In a power line carrier system or the like, with sine wave power signals being used as carrier wave, information signals are superposed over the power signals and sent out. At the receiving end, the information signals superposed over the power signals are separated with a filter or the like. In separating information signals from electric signals in this process, though the phase of separated signals varies with the characteristics of the filter, it poses no essential problem when the information signals are analog audio signals or the like.
Now, when a digital signal is sent by the power line carrier system, the phase of the digital signal will be shifted at the receiving end, and the waveform will be distorted on the time axis. Where pulse signals are to be sent by pulse code modulation (PCM), even if the waveform is distorted on the time axis, such distortion can be coped with by newly generating pulse signals at the receiving end.
However, where signals undergo spread spectrum multiplexing, no pulse signals can be newly generated at the receiving end unlike in a PCM system. This waveform distortion on the time axis in signal reception poses a grave problem in the spread spectrum system.
Furthermore, one of the known power line carrier systems is to superpose information signals over a carrier wave consisting of sine wave power signals on AC power lines, and this is used in relatively simple communication of control signals, such as on-off control of a motor or the like, and of audio and other analog signals or digital signals by a PCM system. Many of the signal superposing systems used therein have a coupling transformer between the superposing system and the AC power lines to superpose information signals over power signals. As a result, the phase and other aspects of the information signals are varied by a kind of filter formed by this coupling transformer and the AC power lines, and this is known to invite waveform distortion of the superposed information signals.
However, even though information signals are subjected to such waveform distortion, no essential trouble would occur to control signals or analog signals referred to above because of the character of their processing. Nor would digital signals in a PCM system be subject to so serious disturbance, thanks to signal regeneration or otherwise at the receiving end, that signal errors are uncorrectable. Therefore, they created no system problem.
On the other hand, the progress of multiple access technology in recent years has led to studies on various multiplexing systems, and particular interest is focused on CDMA by spread spectrum multiplexing, which permits multiplexing with a simpler configuration than frequency division multiplexing or time division multiplexing.

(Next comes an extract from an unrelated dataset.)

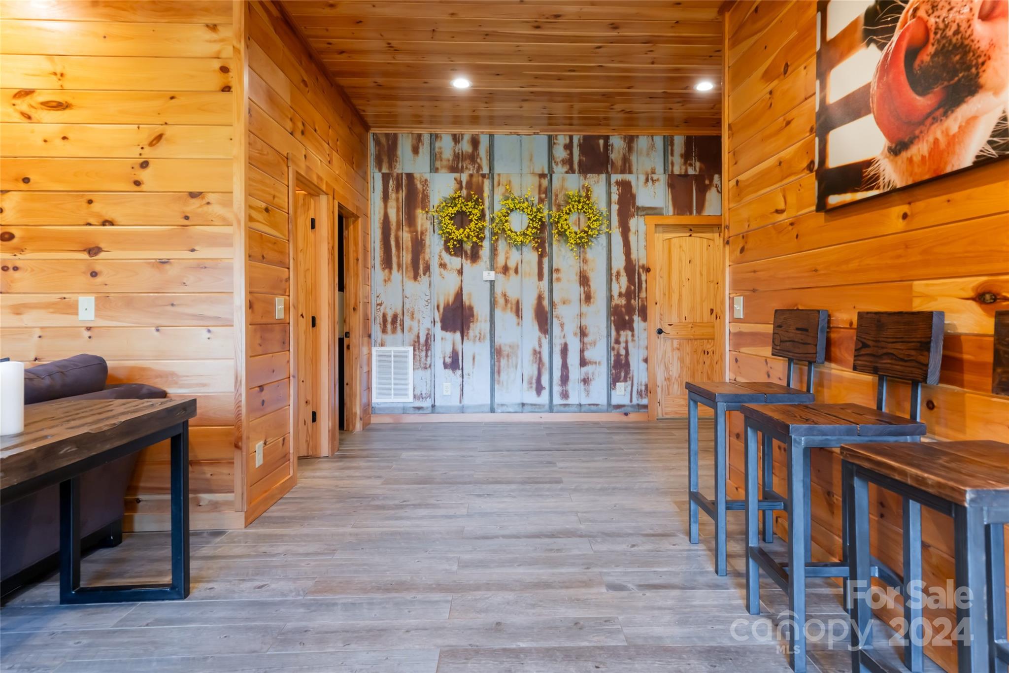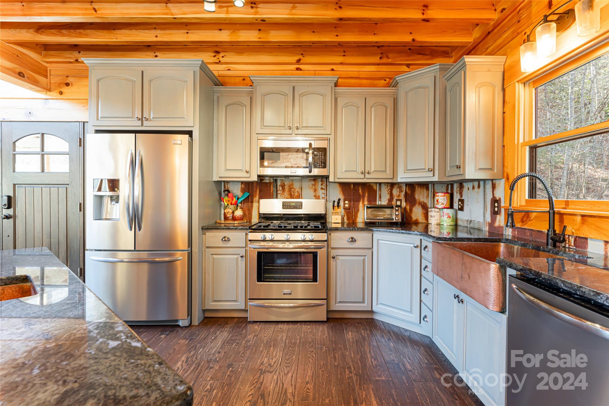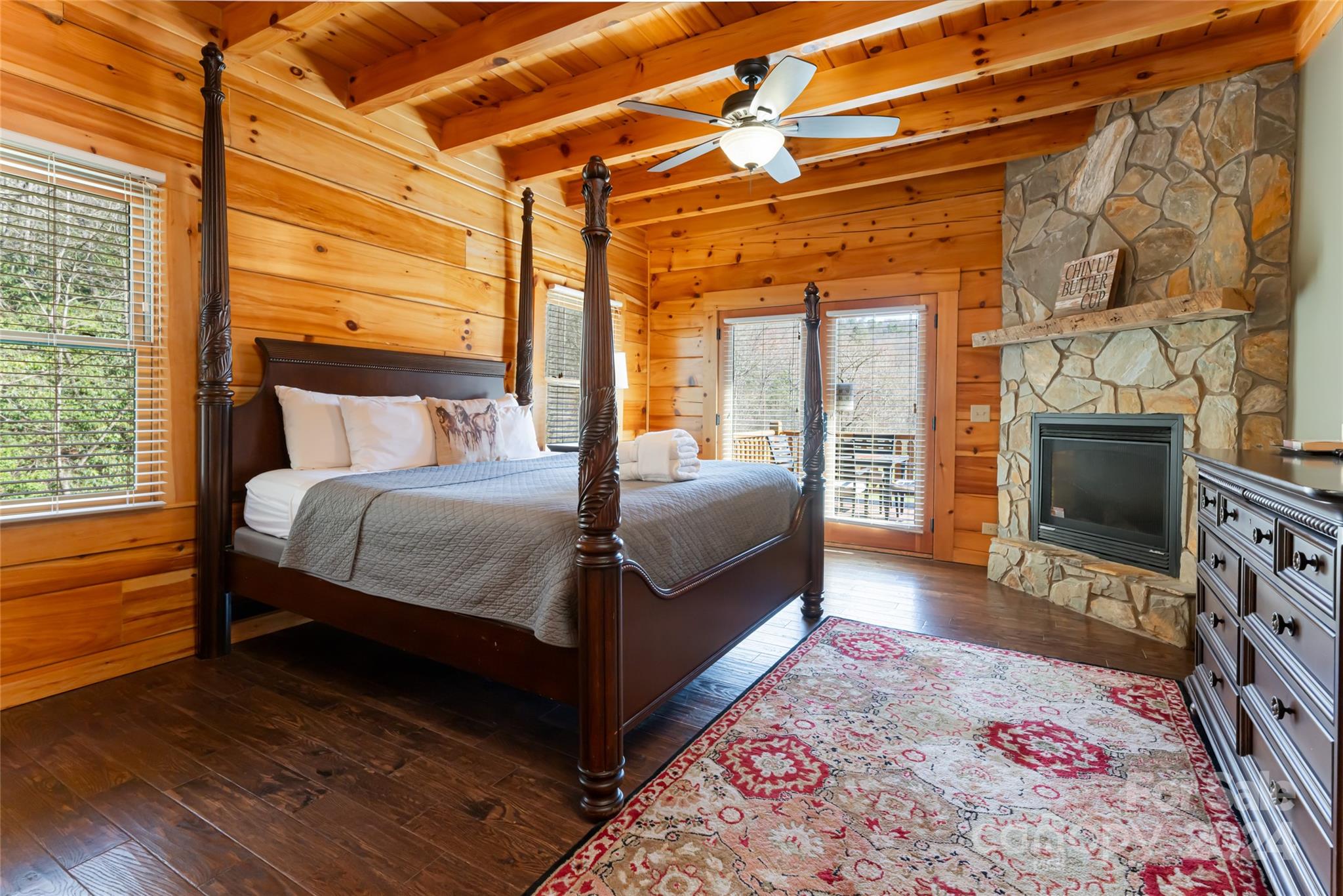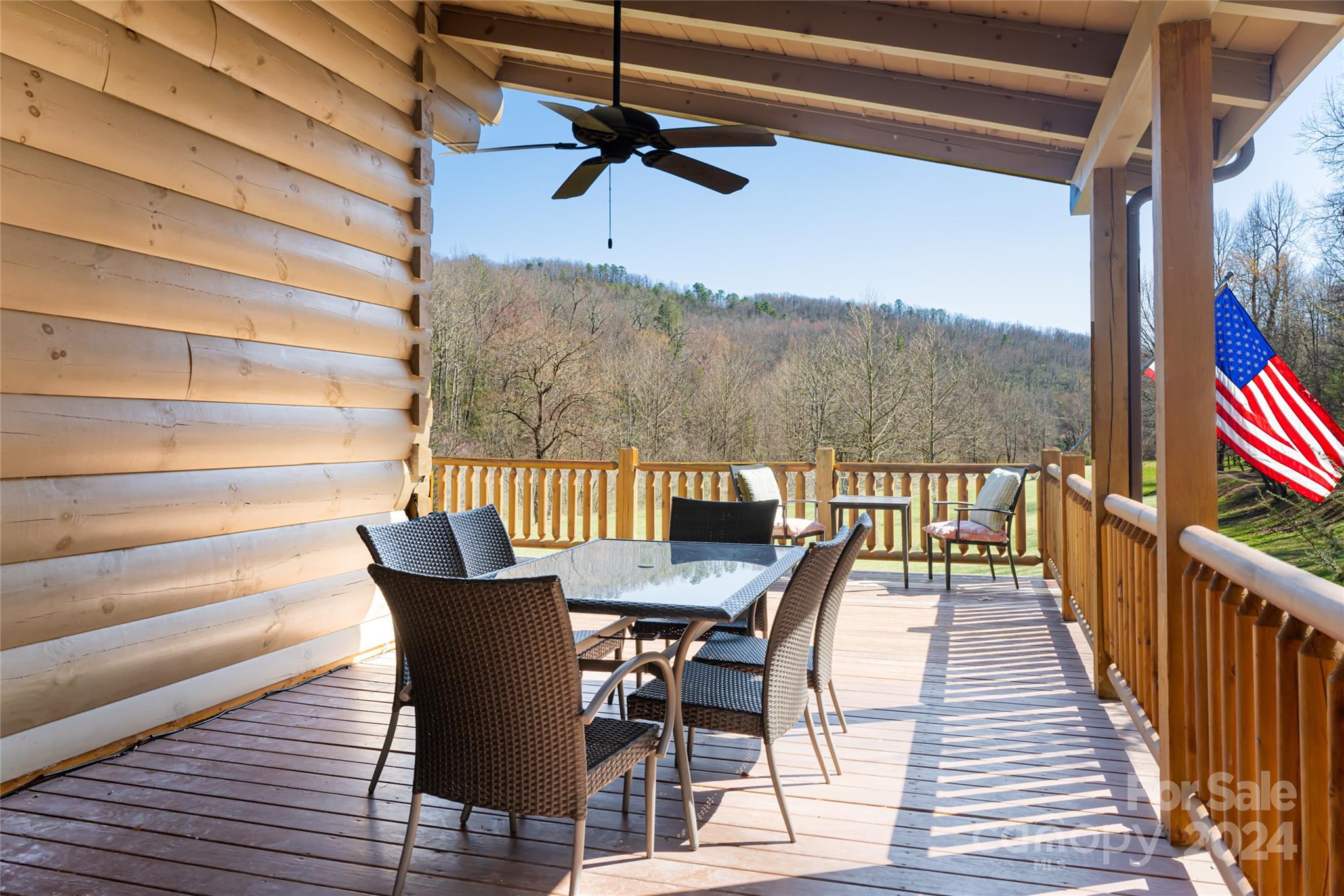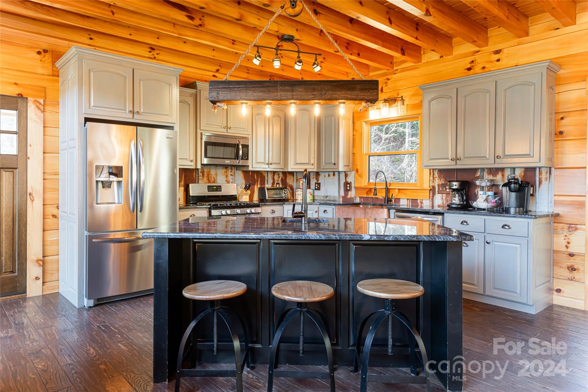 Quintessential log cabin situated on 14+, private acres with a sprawling, flat meadow, a bold creek that runs the property line, and a wooded hillside that offers endless possibilities for outdoor recreation or additional building sites. A large, wraparound porch welcomes you to this inviting cabin with a rich, log interior that features an open floor plan, hardwood floors, a vaulted ceiling in the living room and stone fireplace. The large kitchen includes stainless steel appliances, granite countertops, and an oversized eat-in island. The spacious, main level primary suite features a stone fireplace, exterior deck access, a large walk-in closet, and a luxurious ensuite with double vanities and a walk-in tile shower. The upper level includes two guest suites and a generous loft area. The basement comprises an ample family room, recreation area, fourth bedroom, a bonus/bedroom, laundry room, and ample storage. Please no drive-bys.

However, if it is attempted to communication such CDMA-multiplexed information signals by the above-mentioned power line carrier system, inverse spreading on the receiving side is made difficult by the waveform distortion of signals, which are thereby prevented from demodulation. In other words, as it is impossible, in a power line carrier system using power signals on AC power lines as carrier wave over which information signals are superposed, to superpose information signals of a desired waveform (e.g. a stepwise waveform as illustrated in FIG. 20) without distortion, it is impossible to accomplish communications by CDMA.
An object of the present invention, undertaken to solve the problem pointed out above, is to provide a transfer apparatus and a transfer method, using power lines, for separating waveform information signals, on the time axis without distorting their waveform, from synthesized signals formed by superposing any desired waveform signals over sine wave signals.
Another object of the invention is to provide a transfer apparatus and a transfer method, using power lines, permitting superposition of information signals of a desired waveform over power signals on AC power lines.